Orangetheory Fitness Review

Orangetheory has been exploding across New York City and the country more broadly — two studios are opening within blocks of each other in Midtown (at Bryant Park and East 39th Street). There are studios all over the U.S. now, including Hawaii and North Dakota. Now that’s a wide reach. So when I went on my bi-monthly (sort of) trip to DC this week, I decided to give this immensely popular workout a chance and see what the buzz was about. And let me assure you — I wasn’t disappointed.

OrangeTheory Fitness Grades

QUALITY OF orangetheory WORKOUT: 9.5 (OUT OF 10)

If you’ve heard of Orangetheory, you’re probably familiar with their format. Students receive a heart monitor, which they wear on their forearms or wrists. During class, the metrics for each student appear on the board, including calories burned and heart rate (HR). The goal is to get into the “orange zone,” which is 84%-91% of max HR — uncomfortable, but you shouldn’t feel like you’re about to pass out.

Heart rate zones

The Orangetheory zones. As long as you’re above green throughout the class, you’re doing ok.

For people like me, who enjoy pushing themselves really hard, this workout is amazing. It holds you accountable not only to yourself but to the instructor and the entire class.

THE FORMAT

The class was split into three distinct parts: running, rowing, and strength training, called “The Ellen” after Orangetheory’s founder.

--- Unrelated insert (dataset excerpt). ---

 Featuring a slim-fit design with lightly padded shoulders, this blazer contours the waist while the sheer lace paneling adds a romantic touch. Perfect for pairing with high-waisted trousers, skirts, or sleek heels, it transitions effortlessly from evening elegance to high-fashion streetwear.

The running section was about a half hour long, while rowing is about ten minutes and strength is about twenty. The strength section was divided into two distinct parts with four exercises each, and we got through as many rounds as possible. Movements included flies, TRX triceps dips, plank jacks on a Bosu ball, and one-legged V-ups. With rowing and running, we alternated between our baseline, endurance, and speed. If you’re like me and obsessively monitor your heart rate for the entire class, the running and rowing sections are when you’re really pushed.

what makes this studio special

The class was pretty small — about fifteen students. The instructor was super attentive and helped me improve my form multiple times throughout all of the sections. I also appreciated that the studio gives extra attention to new students. It seems like it would be obvious to welcome first-timers, because you never know if they’ll become second- or third-timers, but many studios do not acknowledge the presence of new students in the room. Myke not only asked me basic questions about whether I had injuries, but dove deeply into my goals (2018 will be the year I do a pull-up!) and helped me make adjustments that will get me to those goals more quickly.

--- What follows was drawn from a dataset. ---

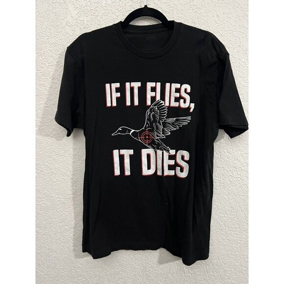 If It Flies It Dies, Waterfowl T-Shirt Men's Large Black Hunting (1D)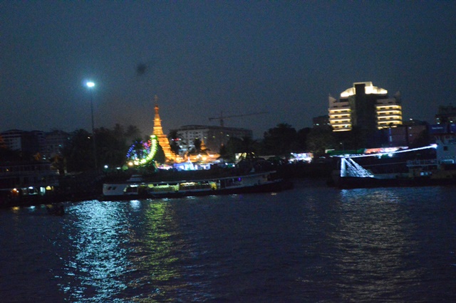 ညေနဆိုရင္ ျမစ္ကမ္းေဘးက သေဘၤာၾကီး ၅စီးေလာက္ကိုတက္ျပီး ညစာ ေစ်းခ်ိဳခ်ိဳနဲ႕ စားေသာက္ႏိုင္တယ္။ သေဘၤာ၃ထပ္ ဆိုရင္ အထပ္တိုင္း တီးဝုိင္းရွိပါတယ္။ စားေသာက္စားရိတ္က လူတစ္ေယာက္ကို က်ပ္၅ေထာင္ေလာက္ဆို ေကာင္းေကာင္း စားႏိုင္ပါျပီ။ ပိုက္ဆံပိုေပးသူမ်ားကေတာ့ ညပိုင္းသေဘၤာထြက္ခ်ိန္ လိုက္စီးၾကပါတယ္။

SIZE OF CLASS: small/MEDIUM

Although fifteen students isn’t tiny, the Orangetheory class felt like a hybrid personal training/group fitness class. This seems to be somewhat motivated by the heart monitors. You and the instructor are constantly aware of exactly how hard you’re working, and s/he’ll make sure that you’re never in the blue zone for too long.

DIFFICULTY LEVEL OF CLASS: MEDIUM/HARD

Like many other circuit training/HIIT classes, students here pace themselves. Everyone works according to their own capabilities, which is one of the things I love about having the heart monitor. Unlike a studio like Flywheel, where there’s a leaderboard comparing you to everyone else in the class, at Orangetheory, you work according to your own max. I’m sure I wasn’t the fastest in the class, by a long shot, but I spent six minutes in the red zone — demonstrating that I worked extremely hard, according to my own capabilities.

STUDIO QUALITY (14th street): 8.5

The staff here was extremely nice, warm, and welcoming — above and beyond what I’ve seen at studios in New York. I don’t know if that’s specific to Orangetheory, or more like an example of the differences between DC and New York fitness culture. The equipment here was top notch, particularly the treadmills. Unlike most gyms, Orangetheory doesn’t use the Life treadmills. Rather, their treadmills have much more advanced touch-screens and improved reaction time to changing speeds and intervals. I’ve never had a run go so seamlessly.

My only complaints about this location are related to the equipment. Although there are two showers (which isn’t really enough for a peak class), there aren’t full-sized towels or razors. A minor annoyance, but I’m a spoiled New Yorker.

TIPS

  • The first class is basically every studio except for the ones in Manhattan is free. Take advantage of it.
  • Come thirty minutes early your first time to pick up your heart monitor and have a rowing tutorial. Even a lot of fit people row with terrible form.

orangetheory: the bottom line

This is one of my favorite workouts that I’ve tried so far, bar none. There was close to no dead time, and I felt that I really understood the impact of the movements we were doing. I highly recommend this workout and location to anyone living in DC, or even passing through like me.

My orangetheory score

28 minutes in the orange and red zone combined — double the recommendation!